Aza-anthracenediones are a new class of anti-cancer drugs, which demonstrate promising in vitro and in vivo activity. Our laboratory has synthesized a variety of structural analogs in which we determined previously that the positioning of the nitrogen within the backbone, as well as sidearm modification, results in dramatic differences in the potency of cytotoxicity. We reported previously that although DNA reactivity appears to be a necessary component for mediating cell death, it is not sufficient for predicting cytotoxicity of the aza-anthracenediones. We have chosen three aza-anthracenediones (BBR 2828, BBR 2778 and BBR 2378) to investigate the importance of DNA strand breaks and/or protein-concealed DNA breaks induced by aza-anthracenediones. We determined in the present study that, while all three drugs cause DNA breaks as determined by alkaline and neutral elution, as well as KCl-SDS precipitation, these breaks do not correlate directly with their potency as cytotoxic compounds. Further, we found significant differences in the types of DNA breaks induced by these drugs. Finally, we report that the persistence of protein-DNA complexes induced by all three drugs was similar and, therefore, cannot account for differences in the potency of cytotoxicity of the aza-anthracenediones. Thus, we postulate that, while the total number of drug-induced protein-concealed DNA breaks is an important indicator of drug toxicity, it is possible that the actual nature of the breaks may differ among the aza-anthracenedione congeners, and it is these differences in the actual proteins present in the DNA breaks that differentiate between aza-anthracenediones.

Correlation of DNA reactivity and cytotoxicity of a new class of anticancer agents: aza-anthracenediones.

Doxorubicin and mitoxantrone are carboxyclic anti-cancer drugs that interact with DNA through intercalation. Our laboratory has synthesized a new series of anti-tumor agents, the aza-anthracenediones, which are structurally related to mitoxantrone but contain a heterocyclic, rather than a carbocyclic, chromophore. Both the in vivo and in vitro anti-tumor activities of these compounds were exquisitely sensitive to the positioning of the nitrogen atom within the heterocyclic backbone. Compounds having a 2-aza were 30- to 100-fold more potent than the 1-aza or the di-aza compounds against L1210 cells in vitro. When tested in vivo, the 2-aza-anthracenediones had marked anti-tumor activity, in some cases curative, whereas the 1-aza-anthracenediones had but minimal antitumor activity.
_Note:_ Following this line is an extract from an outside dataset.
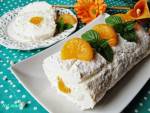 Rolada bezowa z mandarynkami 414lubię bezowe wypieki to już chyba wiecie. Tort pawłowej piekłam już nie raz. Tym razem pokusiłam się na roladę bezową. Jest również pyszna, delikatna, lekka i rozpływa się ustach. Jednak najtrudniejszy krok to zwinięcie rolady. Ale nie rezygnujcie mimo wszystko warto zrobić. Składniki: 4 białka 1 szk cukru drobnego 1 łyżeczka octu winnego Jamar 1 łyżeczka mąki ziemniaczanej(...)kremówki 1 szt śmietan fix mandarynki w puszce Przygotowanie: Zimne białka ubić na sztywno. Dodawać po łyżce cukru i cały czas miksować do rozpuszczenia się cukru a masa będzie biała i lśniąca. Na koniec dodać ocet, mąkę ziemniaczaną chwilkę zmiksować. Wyłożyć na blachę o wymiarach 25*36 cm wyłożoną papierem do pieczenia i równomiernie rozsmarować. Włożyć do nagrzanego piekarnika

To define the importance of the aza positioning on DNA reactivity, spectral shift and gel mobility assays were used. The spectral shift assay suggested that the 2-aza compounds reacted with DNA solely through intercalation whereas the 1-aza-anthracenediones, and mitoxantrone all reacted with DNA through intercalative and non-intercalative processes. The affinity of DNA binding was five to seven times greater for the 2-aza compounds compared to the 1-aza or the di-aza derivatives. The retardation of supercoiled pBR322 DNA mobility in agarose gel electrophoresis further suggested an intercalative type of DNA interaction. Differences in DNA interaction appear related to but can not completely account for differences in cytotoxicity of the aza anthracenediones.